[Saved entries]
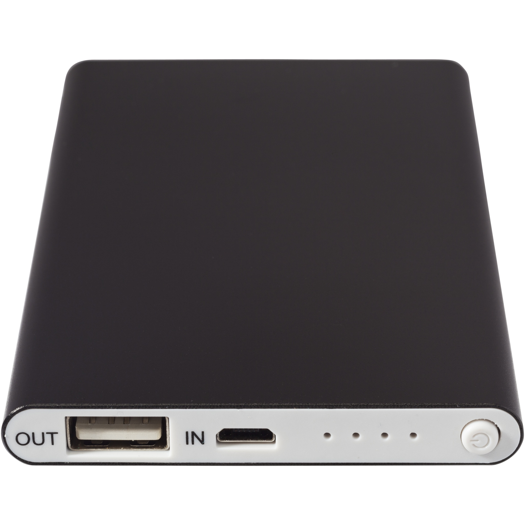 Алюминиевый повербанк Pep емкостью 4000 мА/ч, Сплошной черный
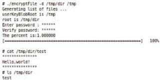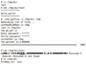 加密之前,/tmp/dir目录下只有test一个文件,使用cat命令查看该文件的内容为:Hello,world!执行加密命令之后,使用cat命令再次查看该文件的内容,看到的是乱码,而不是原始内容,可见加密成功。加密后在test文件所在的目录下会生成一个FileKey.cer文件。如图6所示:
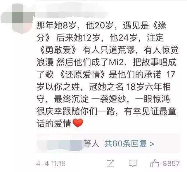 在两人的粉丝眼里,这是一段成功打破世俗禁锢、双方勇敢相爱、多年不离不弃最终开花结果的唯美浪漫爱情故事。
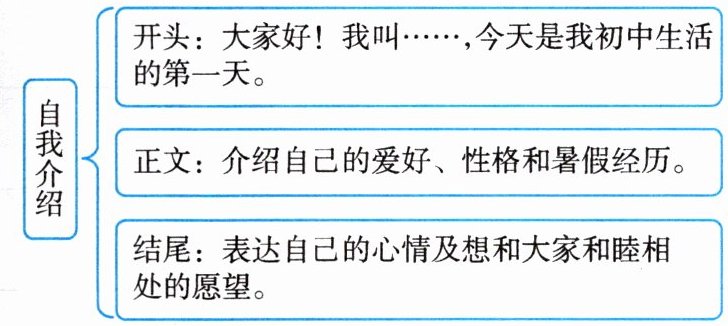 开头:大家好!我叫……,今天是我初中生活的第一天。
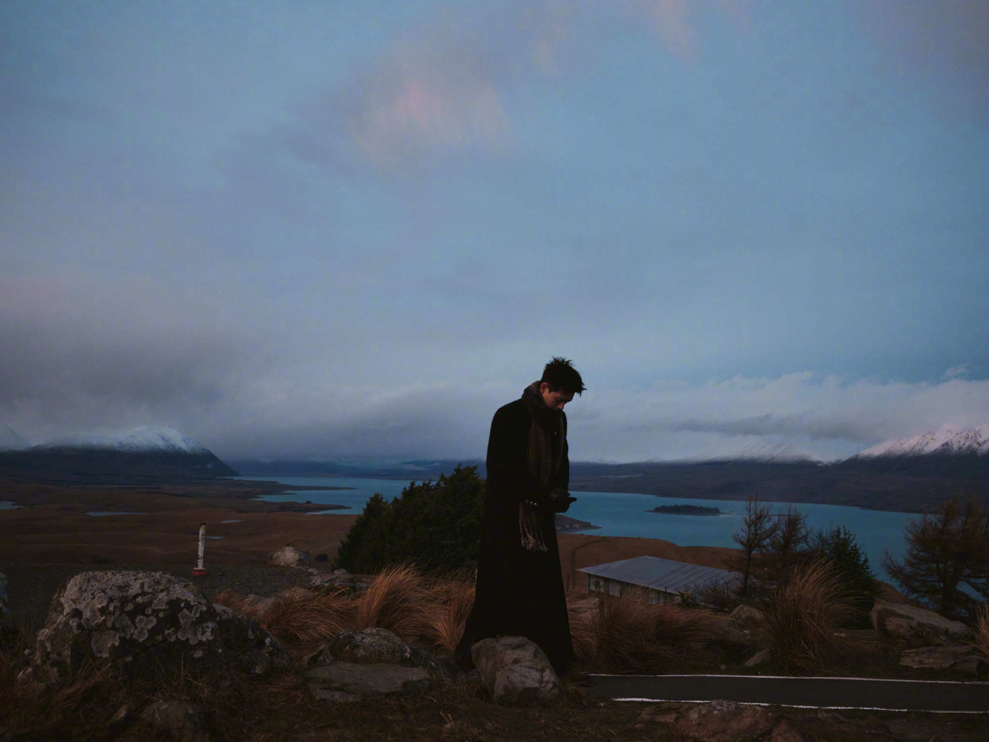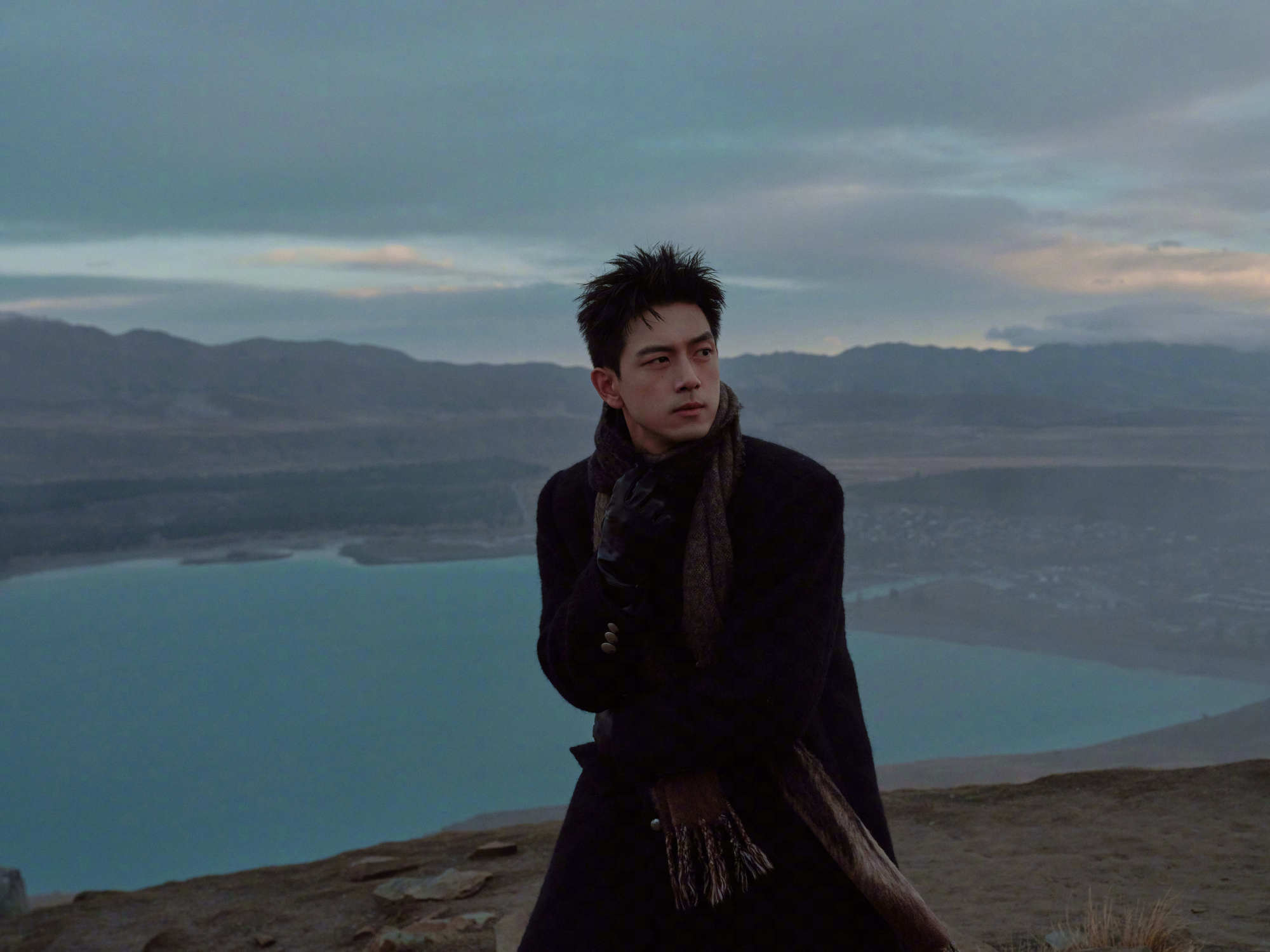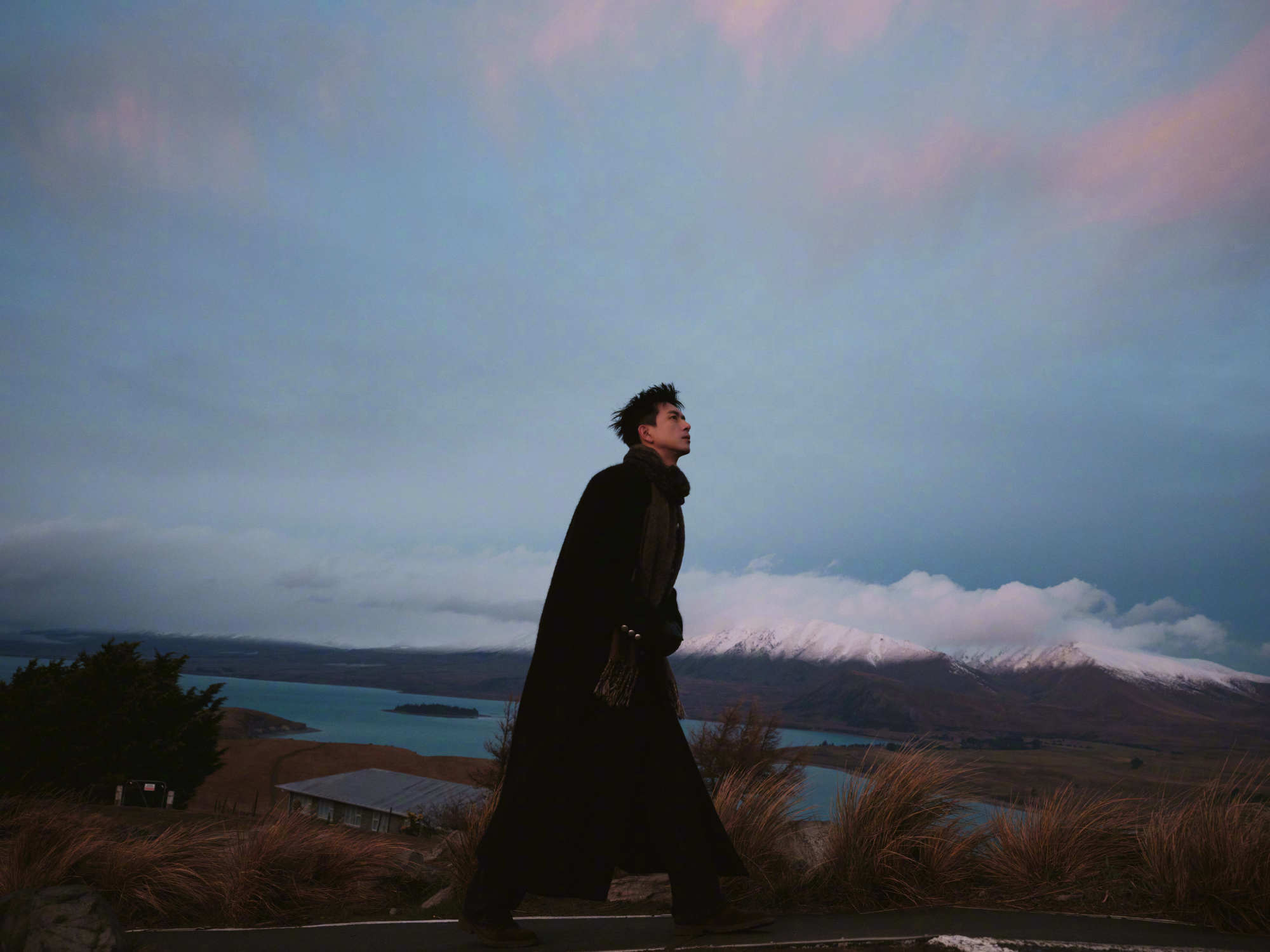 男生穿搭灵感李现新西兰穿搭李现的新西兰穿搭,黑色长款大衣配复古围巾,在湖山间提

*Instructions to follow*
Every line from the one containing "开头:大家好!我叫……,今天是我初中生活的第一天。" through the last line of the records is to be reproduced exactly, with pictures left out and nothing else given.

*Problem solution*
 开头:大家好!我叫……,今天是我初中生活的第一天。
 男生穿搭灵感李现新西兰穿搭李现的新西兰穿搭,黑色长款大衣配复古围巾,在湖山间提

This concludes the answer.